XXXIX. (141) However, we have now said enough on this subject, and let us proceed to investigate what comes afterwards. He continues thus: “And Cain said unto the Lord, My crime is too great to be Forgiven.”{45}{#ge 4:14.} Now what is meant by this will be shown by a consideration of simple passages. If a pilot were to desert his ship when tossed about by the sea, would it not follow of necessity that the ship would wander out of her course in the voyage? Shall I say more? If a charioteer in the contest of the horse-race were to quit his chariot, is it not inevitable that the course of the free horses would be disorderly and irregular? Again, when a city is left destitute of rulers or of laws, and laws, undoubtedly, are entitled to be classed on an equality with magistrates, must not that city be destroyed by those greatest of evils, anarchy and lawlessness? (142) And in the same manner, by the ordinances of nature, the body must perish if the soul be absent; and the soul, if reason be absent. Reason, too, must be destroyed by the absence of virtue. But if each of these things is such an injury to the things that are abandoned by them, then how great must we consider is the misfortune of those persons who are abandoned by God? Whom he has rejected as deserters from his band: and put out of the pale of his sacred laws, considering them unworthy of his superintendence and government. For we must absolutely be certain that a person who is

deserted by his superior and benefactor is guilty of great crimes and liable to severe accusations. For when would you say that a man destitute of skill is most greatly injured? Would it not be when he is utterly abandoned by knowledge? (143) And when would you say that the ignorant and wholly uninstructed man is most injured? Must it not be when instruction and education complete their desertion of him? When again do we most deplore the condition of the foolish? Is it not when prudence has utterly rejected them? And when do we pronounce intemperate or unjust men, miserable? Is it not when temperance and justice have condemned them to an eternal banishment from their dominion? When do we pronounce the impious, wretched? Is it not when piety has cut them off from her peculiar rites? (144) So that it seems to me that those who are not utterly impure should pray to be chastised and rejected rather than deserted; for desertion will most easily ruin them, as vessels without ballast and without a pilot; but correction will set them right again. (145) Are not those boys who are beaten by their preceptors, for whatever errors they commit, better than those who have no schoolmaster? And are not those who are reproved by their teachers, for all the errors they commit in the arts which they are studying, better than those who receive no such reproof? And are not those young men who have been accounted especially worthy of that natural superintendence and government, which those who are parents exercise over their children, more fortunate and better than those who have had no such protectors? And if they have not such natural protectors, do they not receive guardians as governors in a secondary rank, who are accustomed to be appointed over them out of pity for their orphan state; to fill the place of parents to them in all things that are expedient?

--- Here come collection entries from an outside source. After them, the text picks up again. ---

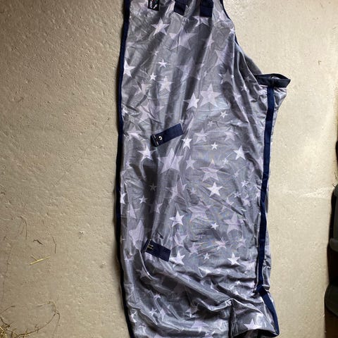 Fleecetäcke med fast hals Horse Saver. Stängning vid halsen. Lite svårt att tyda stl vad som står på lappen men tror 185cm. Mått finns dock på bilder. Har använts på mindre häst, funkat bra det också tycker vi.
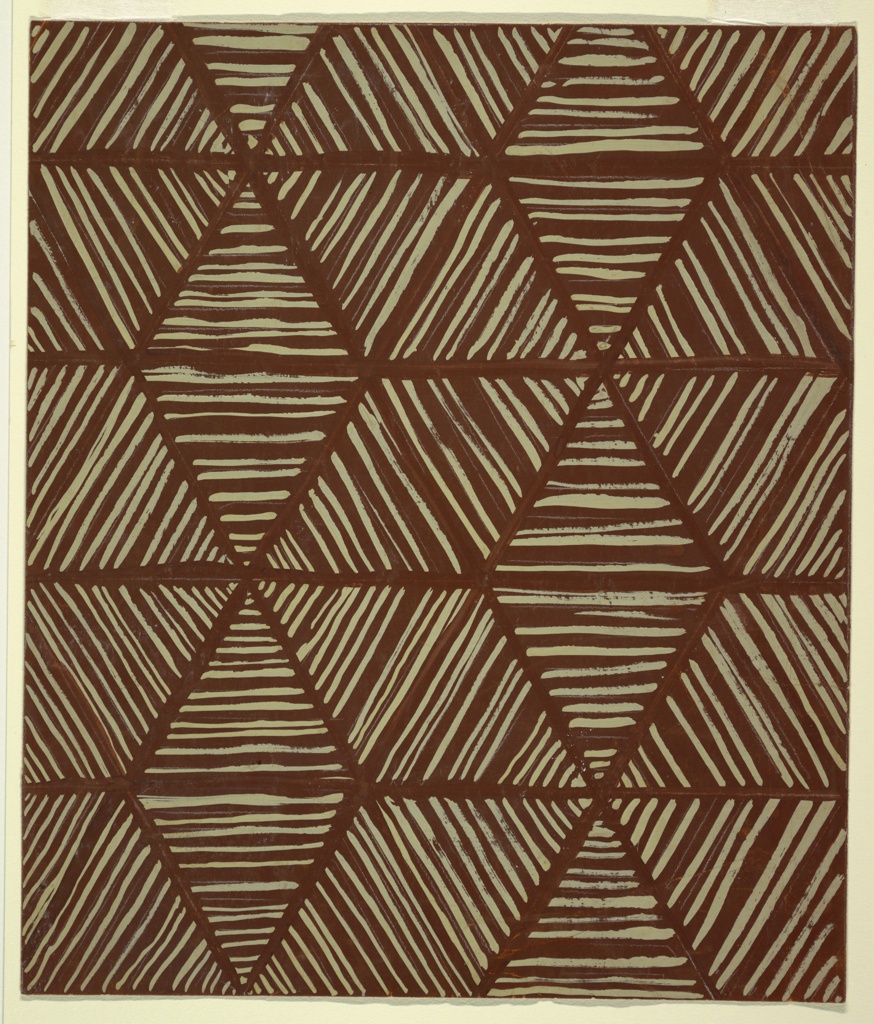 Drawing, Design for Textile: Striped Triangles; Drafted by Donald Deskey (American, 1894–1989); USA; brush and brown and grey gouache, white crayon, graphite on beige wove paper ; 41.8 x 35.3 cm (16 7/16 x 13 7/8 in.) Mat: 55.9 x 40.6 cm (22 x 16 in.); Gift of Donald Deskey; 1975-11-24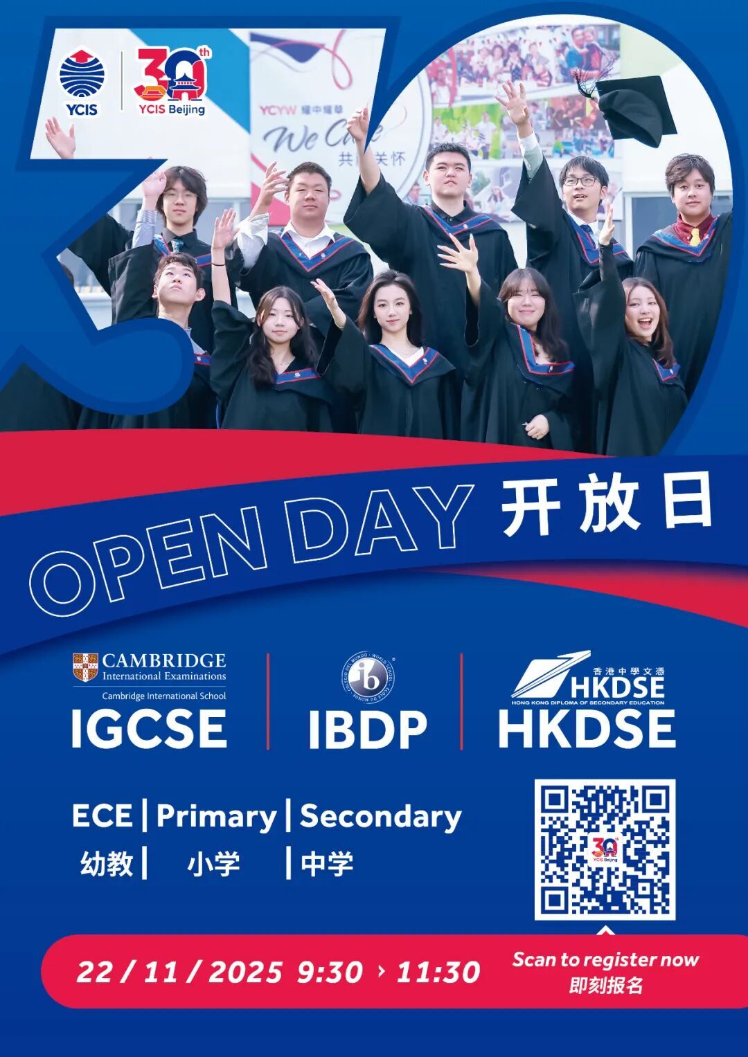 Unlock the future of education! YCIS Beijing's Open Day (开放日) is your chance to explore their ECE (幼教), Primary (小学), and Secondary (中学) programs, including IGCSE, IBDP, and HKDSE curricula. Meet the educators and see how YCIS fosters global citizens. Scan the QR code to register now (即刻报名)!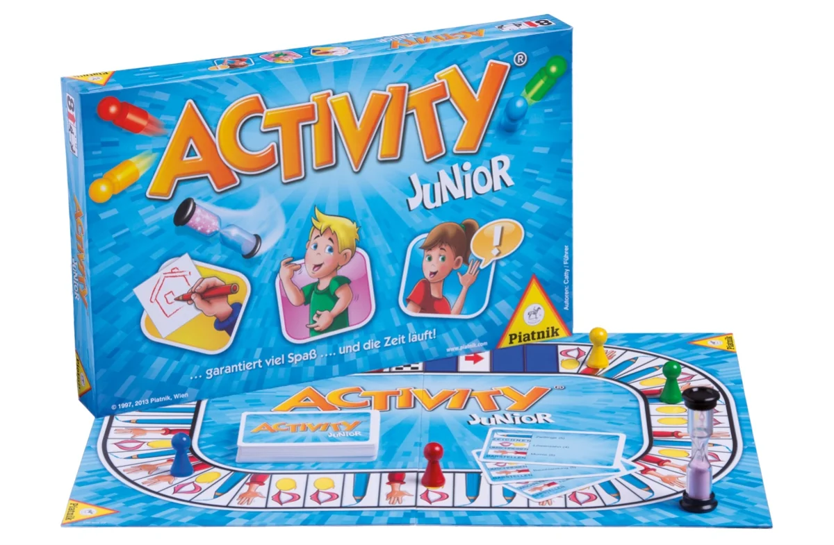 Partyspiel. Für 3-16 Spieler. Ab 12 Jahren. Activity JUNIOR- Garantiert viel Spaß - Einen Lehrer pantomimisch darstellen, eine Rechtskurve mit Worten umschreiben oder ein Glühwürmchen zeichnen,... und die Zeit läuft! Diese und ähnliche Aufgaben erwarten Kinder ab 8 Jahren in dieser Activityausgabe. Und eines ist garantiert: Hände, Füße und Lachmuskeln der Kids kommen bei diesem Spiel sicher nicht zur Ruhe! Die Begriffe sind dem Wortschatz und dem Verständnis von Kindern der empfohlenen Altersgruppe angepasst.
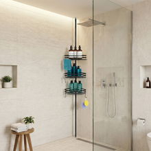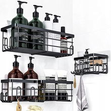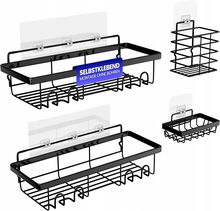 Półka łazienkowa prysznicowa z haczykami + dozowniki Zestaw Kolor Czarny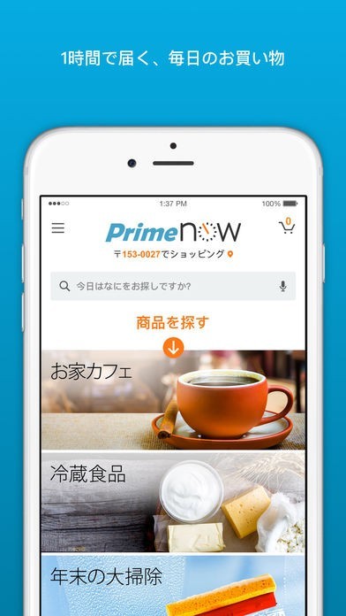Amazonの有料会員が使えるお得なアプリです。「Amazon Prime Now」を利用すれば注文の際に細かいお届け時間を選択できるため、受取人の不在時に配達されたり何度も再配達の連絡をしなければならない、といった煩わしさを無くせます。当日中、しかも1時間以内に配達してもらうことも可能なため、今すぐ必要なものを頼む場合に便利です。商品の種類・数が多いので欲しい物が見つかりやすいです。また、通販ではなかなか頼みづらい冷凍食品にも対応しており、買い物に行けない人の役に立ちます。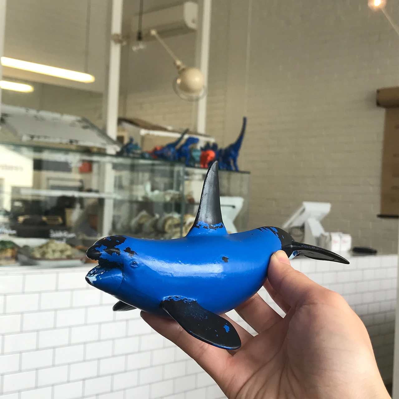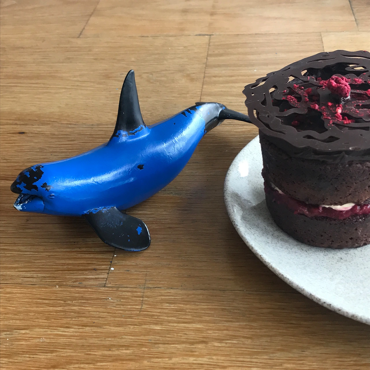 주문한 라즈베리 초콜릿 케이크가 먼저 나오면서 플랫화이트를 위한 'have here number'를 주는데, 귀엽다. 번호표가 아니라, '돌고래' 피규어다. 그제야 주변 테이블을 보니, 각자 다른 동물들이 귀엽게 놓여 커피를 기다리고 있다. 그중에서도 제일 좋아하는 고래 피규어라니 기분이 좋다.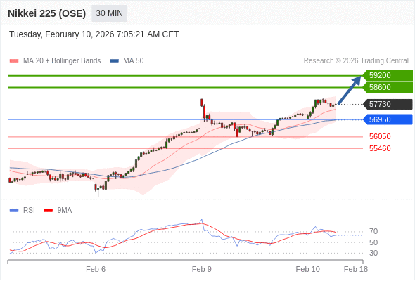 在 56950 之上,看涨,目标价位为 58600 ,然后为 59200 。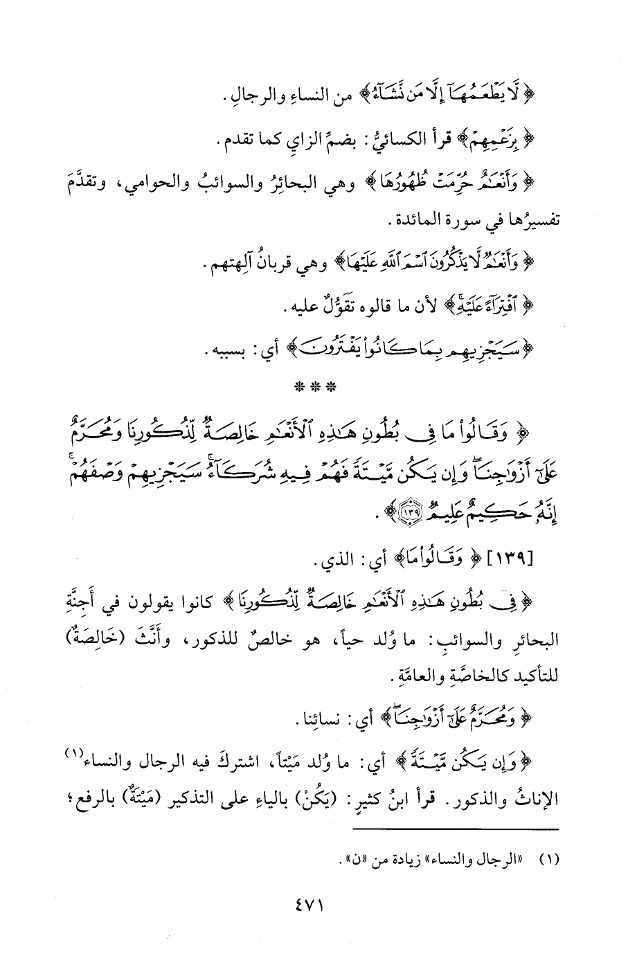 {وَقَالُوا مَا فِي بُطُونِ هَذِهِ الْأَنْعَامِ خَالِصَةٌ لِذُكُورِنَا وَمُحَرَّمٌ عَلَى أَزْوَاجِنَا وَإِنْ يَكُنْ مَيْتَةً فَهُمْ فِيهِ شُرَكَاءُ سَيَجْزِيهِمْ وَصْفَهُمْ إِنَّهُ حَكِيمٌ عَلِيمٌ (139)}.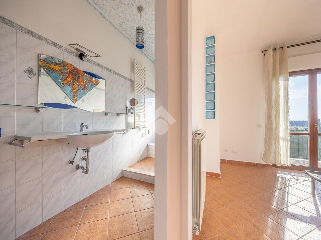 Dopodiché troviamo un bagno finestrato dotato di vasca ed un’ampia camera da letto servita da una porta/finestra con acceso diretto sul secondo balcone, da cui si può ammirare una bellissima vista panoramica.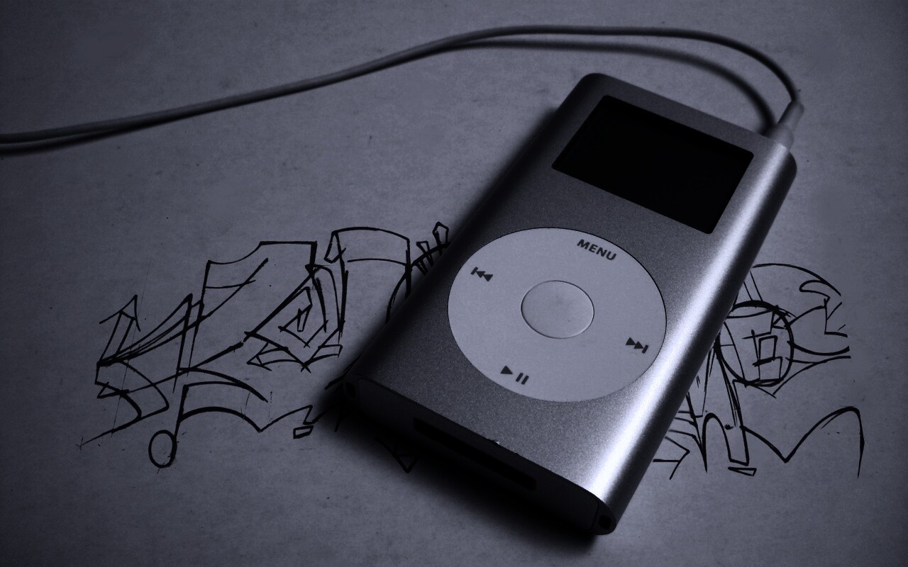 «iPod на лиске с граффити»
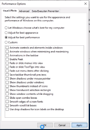 Bước 3: Chọn mục Adjust for best perfomance và ấn Apply + OK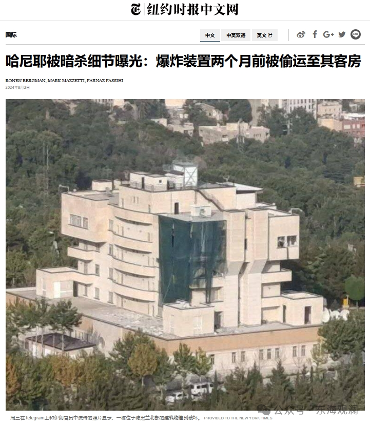 纽约时报8月2日公布的刺杀细节报道,称哈尼亚死于提前预制好的炸弹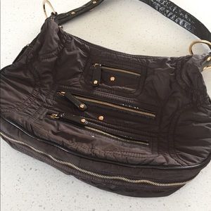 TOD’S Luna nylon patent leather brown media bag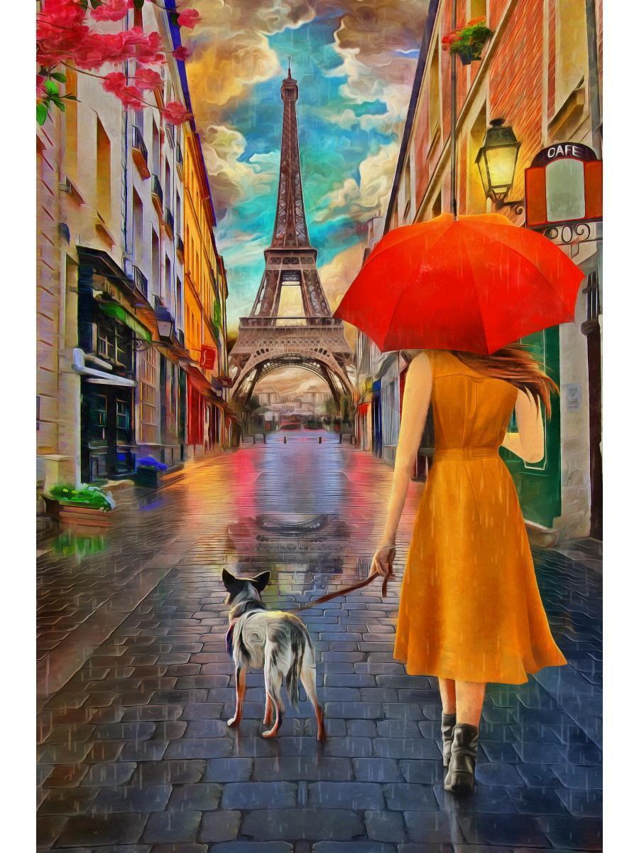 Алмазная мозаика 'Дождливый Париж', 22х32см, на подрамнике, 30 цветов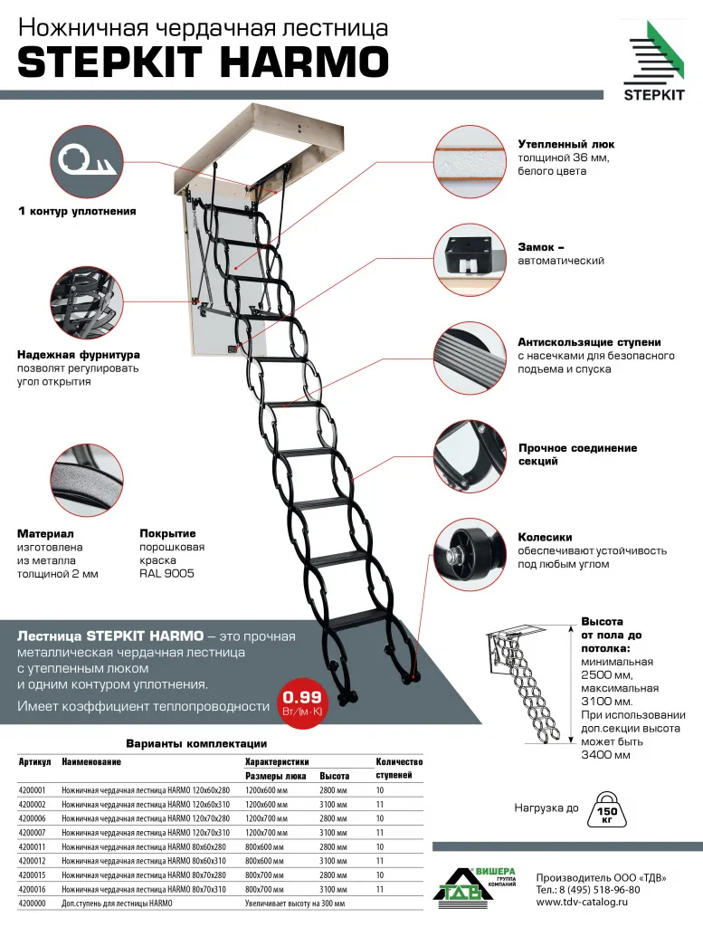 Высота лестницы 3150 - 3290 мм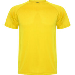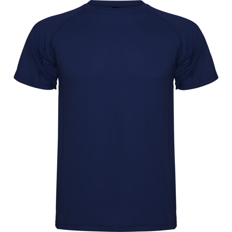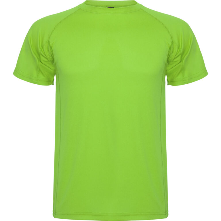 Camiseta técnica de manga corta ranglán. Escote redondeado con cubrecosturas. Cortes laterales con remallado al tono.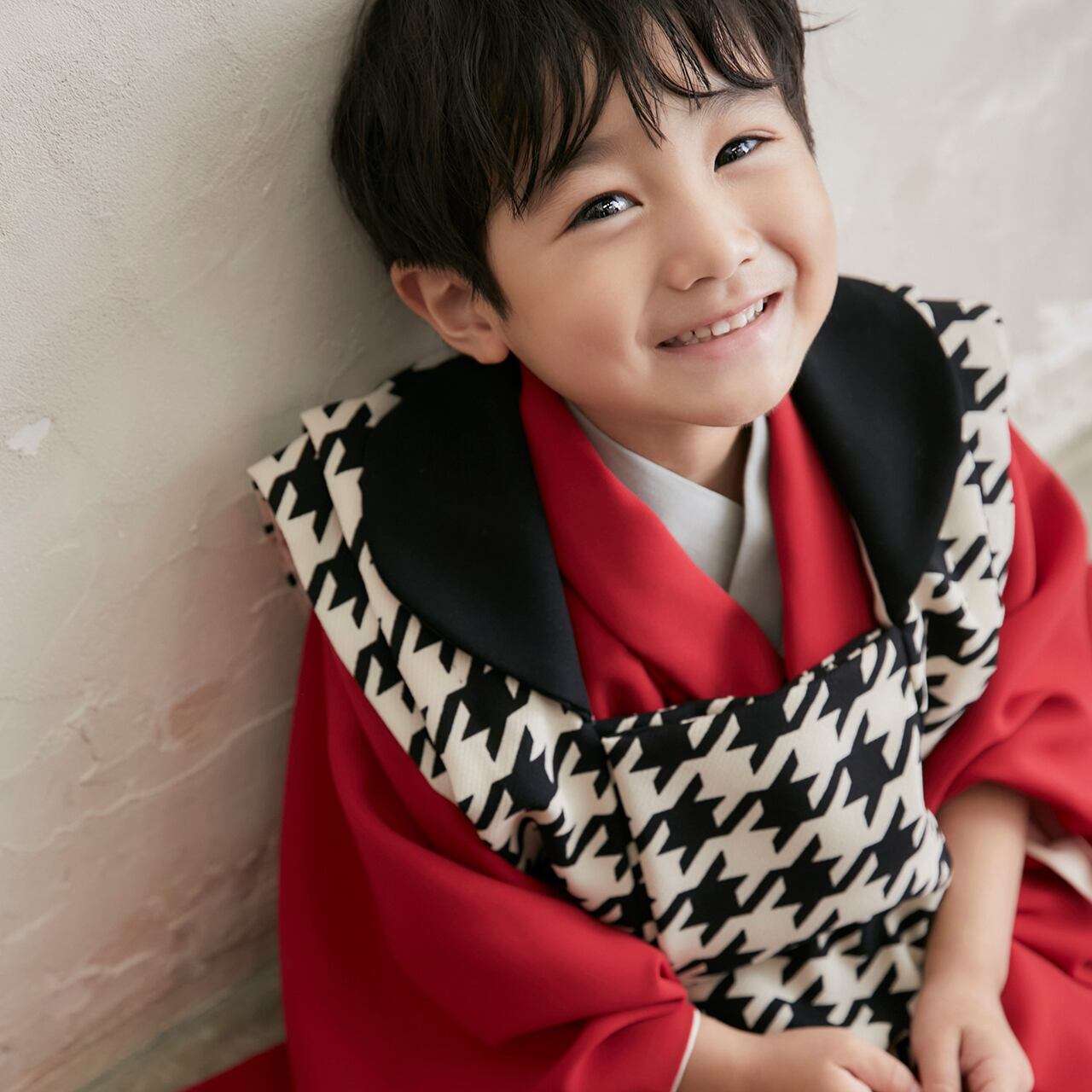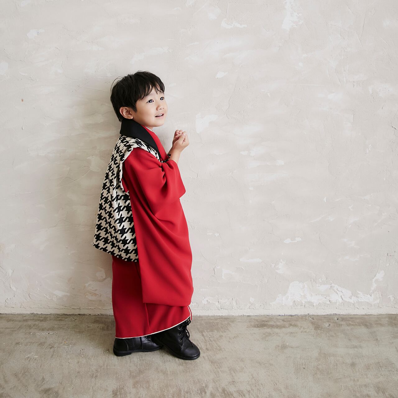 鮮やかな真紅の無地着物をベースに大胆な千鳥格子柄の被布コートをプラス。

XL. (146) Let us, therefore, address our supplications to God, we who are self-convicted by our consciousness of our own sins, to chastise us rather than to abandon us; for if he abandons us, he will no longer make us his servants, who is a merciful master, but slaves of a pitiless generation: but if he chastises us in a gentle and merciful manner, as a kind ruler, he will correct our offences, sending that correcting conviction, his own word, into our hearts, by means of which he will heal them; reproving us and making us ashamed of the wickednesses which we have committed. (147) On this account the law-giver says, “Every word which a widow or a woman who is divorced vows against her own soul shall remain against It.”{46}{#nu 30:10.} For if we call God the husband and father of the universe, supplying the origin and generation of all things, we shall be speaking rightly: as we shall if we call that heart widowed and divorced from God which either has not received divine seed, or, after having received it, has again voluntarily made it abortive. (148) Therefore every thing which it decides it shall decide against itself: and these things shall remain utterly incurable. For how can it be anything but a most intolerable evil, for a creature which is inconstant and easily moved in every direction, to lay down any positive decision and determination about itself, attributing to itself the virtues of the Creator? One of which is that, according to which, it defines in an unhesitating and unalterable manner. (149) Therefore, not only shall it be widowed of knowledge, but it shall likewise be divorced from it. And the meaning of this expression is as follows:–For the soul which is widowed of, but is not yet divorced from, what is good, is able, in a manner, after long perseverance, to come to a reconciliation and agreement with her lawful husband, rightreason. But the soul which has once been utterly separated from it, and which has been utterly separated from it, and which has been removed to a different abode, has been cast out for ever and ever, as utterly incapable of reconciliation or peace, and is entirely unable to return to its previous habitation.